▼▼▼

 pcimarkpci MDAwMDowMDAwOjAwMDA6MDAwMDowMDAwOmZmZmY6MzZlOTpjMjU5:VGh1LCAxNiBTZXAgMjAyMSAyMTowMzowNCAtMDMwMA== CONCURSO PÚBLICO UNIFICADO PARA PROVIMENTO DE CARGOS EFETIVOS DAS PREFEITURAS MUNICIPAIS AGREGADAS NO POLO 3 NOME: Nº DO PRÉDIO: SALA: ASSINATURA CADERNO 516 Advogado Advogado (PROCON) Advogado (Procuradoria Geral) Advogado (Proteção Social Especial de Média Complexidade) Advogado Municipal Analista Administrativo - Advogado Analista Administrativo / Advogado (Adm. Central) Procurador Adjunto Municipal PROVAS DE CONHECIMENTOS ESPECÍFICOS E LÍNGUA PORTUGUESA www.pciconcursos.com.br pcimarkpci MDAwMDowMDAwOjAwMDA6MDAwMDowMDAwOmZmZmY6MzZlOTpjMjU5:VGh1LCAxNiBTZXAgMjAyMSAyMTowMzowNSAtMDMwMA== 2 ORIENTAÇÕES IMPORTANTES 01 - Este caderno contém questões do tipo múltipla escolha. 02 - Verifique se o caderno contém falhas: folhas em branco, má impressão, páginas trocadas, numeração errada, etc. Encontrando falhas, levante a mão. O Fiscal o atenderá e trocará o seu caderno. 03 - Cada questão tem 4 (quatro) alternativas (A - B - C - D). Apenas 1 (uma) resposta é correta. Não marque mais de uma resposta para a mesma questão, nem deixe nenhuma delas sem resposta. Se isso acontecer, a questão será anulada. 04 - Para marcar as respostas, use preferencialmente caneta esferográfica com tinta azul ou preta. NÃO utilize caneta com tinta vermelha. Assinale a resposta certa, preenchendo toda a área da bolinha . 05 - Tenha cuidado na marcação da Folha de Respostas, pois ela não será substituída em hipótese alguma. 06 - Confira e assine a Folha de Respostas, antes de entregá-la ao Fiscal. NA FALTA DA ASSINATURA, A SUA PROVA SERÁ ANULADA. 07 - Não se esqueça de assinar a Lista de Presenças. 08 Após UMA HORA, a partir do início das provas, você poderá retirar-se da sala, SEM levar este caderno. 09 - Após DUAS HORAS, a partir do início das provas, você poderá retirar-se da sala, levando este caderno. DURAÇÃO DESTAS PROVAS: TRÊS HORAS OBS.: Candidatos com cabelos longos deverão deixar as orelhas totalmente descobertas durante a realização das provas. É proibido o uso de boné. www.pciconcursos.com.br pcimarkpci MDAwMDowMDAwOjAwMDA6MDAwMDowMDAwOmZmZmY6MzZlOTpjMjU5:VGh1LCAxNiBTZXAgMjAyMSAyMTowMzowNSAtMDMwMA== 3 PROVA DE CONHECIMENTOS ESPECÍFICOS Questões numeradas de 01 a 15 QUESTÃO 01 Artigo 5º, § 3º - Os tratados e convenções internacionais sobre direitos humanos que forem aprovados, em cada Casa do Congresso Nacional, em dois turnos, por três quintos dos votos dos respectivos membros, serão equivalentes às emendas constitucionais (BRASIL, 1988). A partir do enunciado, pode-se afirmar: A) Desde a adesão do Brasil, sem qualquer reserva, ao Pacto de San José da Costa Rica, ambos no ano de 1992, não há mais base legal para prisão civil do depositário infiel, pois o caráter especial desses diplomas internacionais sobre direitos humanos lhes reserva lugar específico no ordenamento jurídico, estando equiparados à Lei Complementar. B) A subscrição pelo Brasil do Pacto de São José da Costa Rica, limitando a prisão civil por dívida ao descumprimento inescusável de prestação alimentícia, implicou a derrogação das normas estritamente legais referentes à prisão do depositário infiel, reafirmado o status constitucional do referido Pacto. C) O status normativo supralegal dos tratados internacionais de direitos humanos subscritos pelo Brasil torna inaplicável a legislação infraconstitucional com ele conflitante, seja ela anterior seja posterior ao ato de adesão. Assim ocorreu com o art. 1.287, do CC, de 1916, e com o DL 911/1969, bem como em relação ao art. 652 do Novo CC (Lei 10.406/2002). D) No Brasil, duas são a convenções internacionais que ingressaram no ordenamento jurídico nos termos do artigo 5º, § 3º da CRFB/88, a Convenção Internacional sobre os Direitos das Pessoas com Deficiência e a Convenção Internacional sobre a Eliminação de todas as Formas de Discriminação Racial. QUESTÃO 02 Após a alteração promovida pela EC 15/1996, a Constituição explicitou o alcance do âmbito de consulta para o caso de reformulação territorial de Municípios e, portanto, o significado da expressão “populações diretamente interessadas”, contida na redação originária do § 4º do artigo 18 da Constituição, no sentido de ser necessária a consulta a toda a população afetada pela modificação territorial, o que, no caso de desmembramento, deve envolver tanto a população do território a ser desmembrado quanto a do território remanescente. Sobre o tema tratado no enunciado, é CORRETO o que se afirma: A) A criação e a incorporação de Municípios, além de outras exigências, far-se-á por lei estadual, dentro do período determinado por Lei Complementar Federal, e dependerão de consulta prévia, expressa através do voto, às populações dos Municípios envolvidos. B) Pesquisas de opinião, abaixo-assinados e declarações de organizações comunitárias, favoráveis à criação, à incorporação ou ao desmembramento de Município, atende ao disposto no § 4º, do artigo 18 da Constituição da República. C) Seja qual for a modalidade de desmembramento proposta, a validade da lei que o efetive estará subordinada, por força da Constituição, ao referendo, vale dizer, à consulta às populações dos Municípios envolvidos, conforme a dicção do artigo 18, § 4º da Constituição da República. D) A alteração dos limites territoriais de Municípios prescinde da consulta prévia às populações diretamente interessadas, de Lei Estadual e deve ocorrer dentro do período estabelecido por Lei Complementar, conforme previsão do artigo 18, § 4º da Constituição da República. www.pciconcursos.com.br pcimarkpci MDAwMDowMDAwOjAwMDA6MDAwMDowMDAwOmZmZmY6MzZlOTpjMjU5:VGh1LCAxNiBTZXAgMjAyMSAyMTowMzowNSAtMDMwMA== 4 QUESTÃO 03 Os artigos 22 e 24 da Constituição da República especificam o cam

▲▲▲
▼▼▼

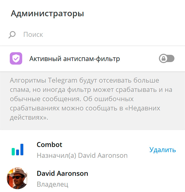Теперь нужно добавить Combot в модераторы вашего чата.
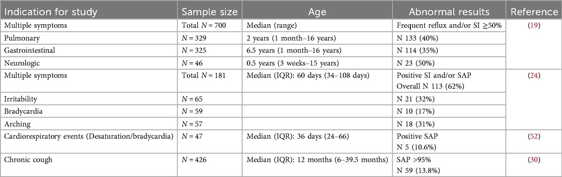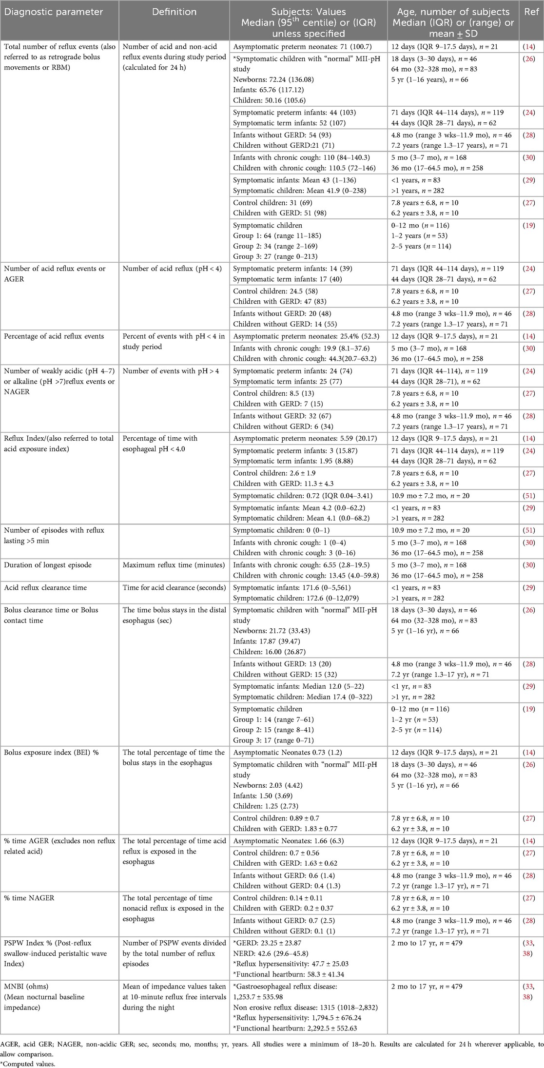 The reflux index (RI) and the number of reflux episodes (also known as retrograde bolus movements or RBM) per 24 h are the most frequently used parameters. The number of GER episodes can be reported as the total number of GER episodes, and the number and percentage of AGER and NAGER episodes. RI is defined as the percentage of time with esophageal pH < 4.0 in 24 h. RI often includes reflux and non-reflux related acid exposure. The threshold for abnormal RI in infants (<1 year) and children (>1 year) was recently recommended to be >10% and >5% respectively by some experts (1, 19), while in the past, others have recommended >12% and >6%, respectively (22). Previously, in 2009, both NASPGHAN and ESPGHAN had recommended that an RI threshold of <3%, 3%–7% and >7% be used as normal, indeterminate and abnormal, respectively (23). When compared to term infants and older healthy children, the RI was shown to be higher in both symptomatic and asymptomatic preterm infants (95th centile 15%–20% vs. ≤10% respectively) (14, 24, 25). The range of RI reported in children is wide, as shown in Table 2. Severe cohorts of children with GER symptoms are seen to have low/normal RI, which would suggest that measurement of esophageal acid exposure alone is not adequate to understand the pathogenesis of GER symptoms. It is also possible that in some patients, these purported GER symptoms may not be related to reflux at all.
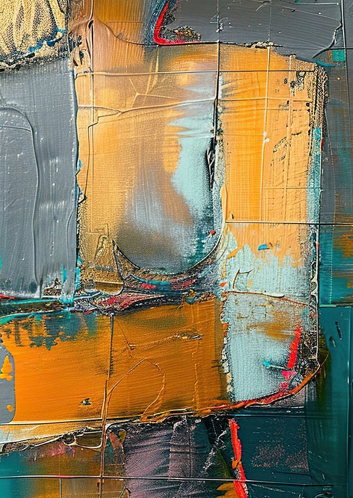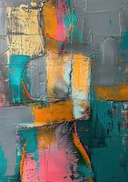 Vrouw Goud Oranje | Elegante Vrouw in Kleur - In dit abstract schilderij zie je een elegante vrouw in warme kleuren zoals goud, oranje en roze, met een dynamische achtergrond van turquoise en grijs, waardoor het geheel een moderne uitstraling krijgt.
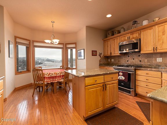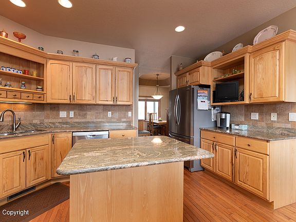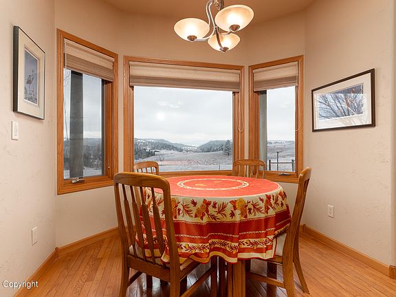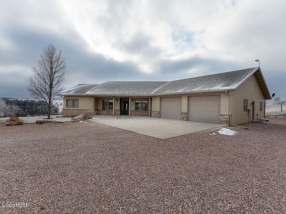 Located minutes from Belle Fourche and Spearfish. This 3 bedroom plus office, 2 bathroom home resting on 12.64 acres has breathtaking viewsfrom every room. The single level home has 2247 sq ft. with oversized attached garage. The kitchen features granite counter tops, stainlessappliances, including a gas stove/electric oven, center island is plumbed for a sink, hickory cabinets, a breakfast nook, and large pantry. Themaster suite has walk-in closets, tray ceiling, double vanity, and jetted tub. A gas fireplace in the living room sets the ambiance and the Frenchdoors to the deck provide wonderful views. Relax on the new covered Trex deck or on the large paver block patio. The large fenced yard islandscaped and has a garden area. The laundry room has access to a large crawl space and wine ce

▲▲▲
▼▼▼

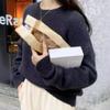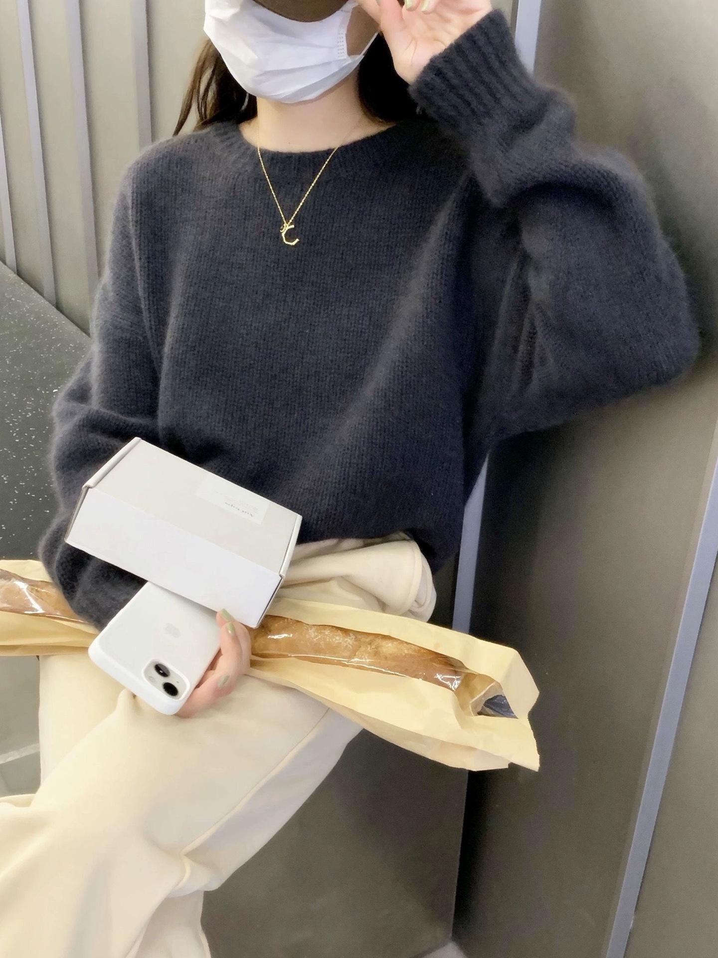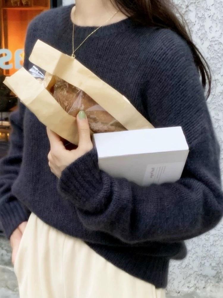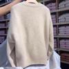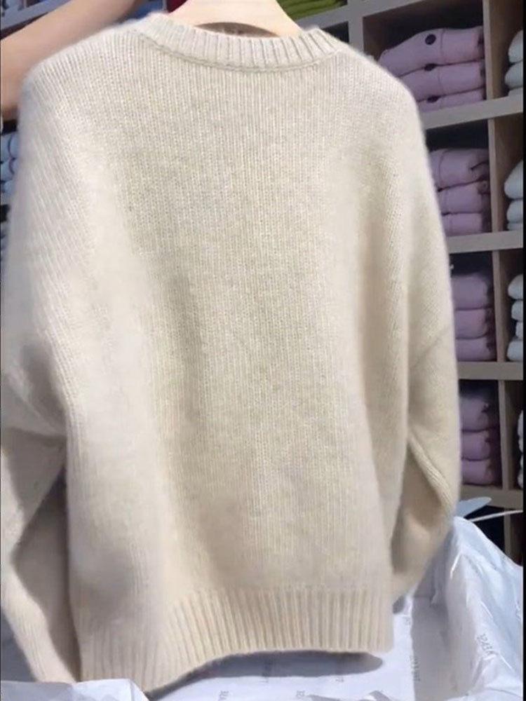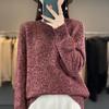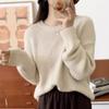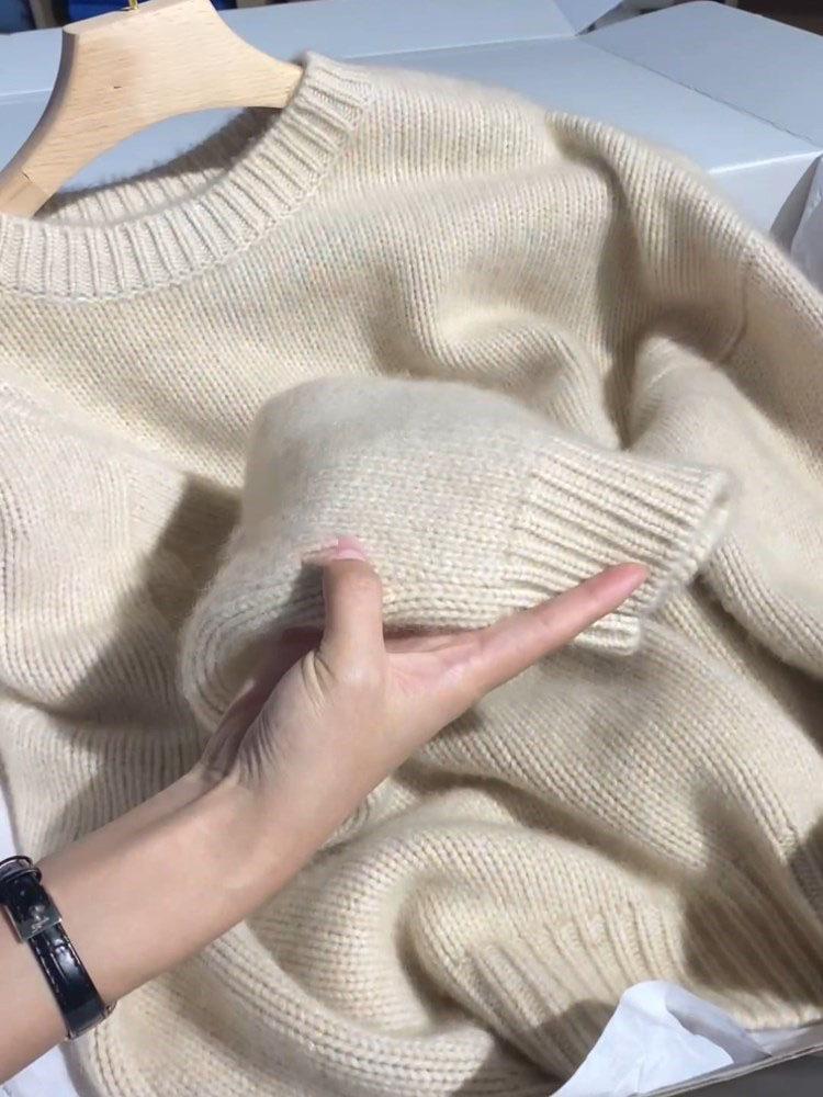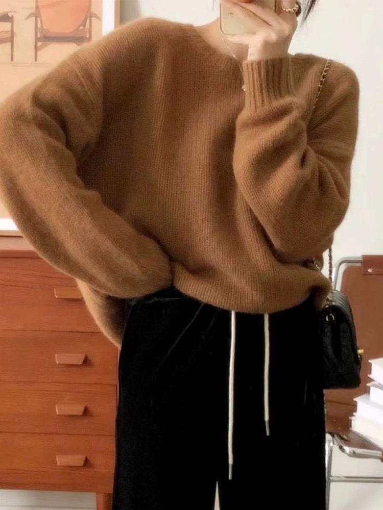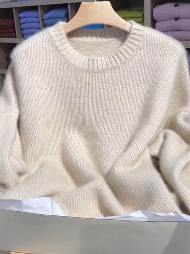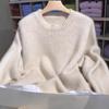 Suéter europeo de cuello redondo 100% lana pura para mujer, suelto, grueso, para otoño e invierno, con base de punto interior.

▲▲▲

WORK TO BE COMPLETED | With pictures excluded, reproduce exactly the lines above from the one containing "Vrouw Goud Oranje" down to the one containing "Located minutes from", those two included.

SOLVED EXERCISE |
 Vrouw Goud Oranje | Elegante Vrouw in Kleur - In dit abstract schilderij zie je een elegante vrouw in warme kleuren zoals goud, oranje en roze, met een dynamische achtergrond van turquoise en grijs, waardoor het geheel een moderne uitstraling krijgt.
 Located minutes from Belle Fourche and Spearfish. This 3 bedroom plus office, 2 bathroom home resting on 12.64 acres has breathtaking viewsfrom every room. The single level home has 2247 sq ft. with oversized attached garage. The kitchen features granite counter tops, stainlessappliances, including a gas stove/electric oven, center island is plumbed for a sink, hickory cabinets, a breakfast nook, and large pantry. Themaster suite has walk-in closets, tray ceiling, double vanity, and jetted tub. A gas fireplace in the living room sets the ambiance and the Frenchdoors to the deck provide wonderful views. Relax on the new covered Trex deck or on the large paver block patio. The large fenced yard islandscaped and has a garden area. The laundry room has access to a large crawl space and wine ce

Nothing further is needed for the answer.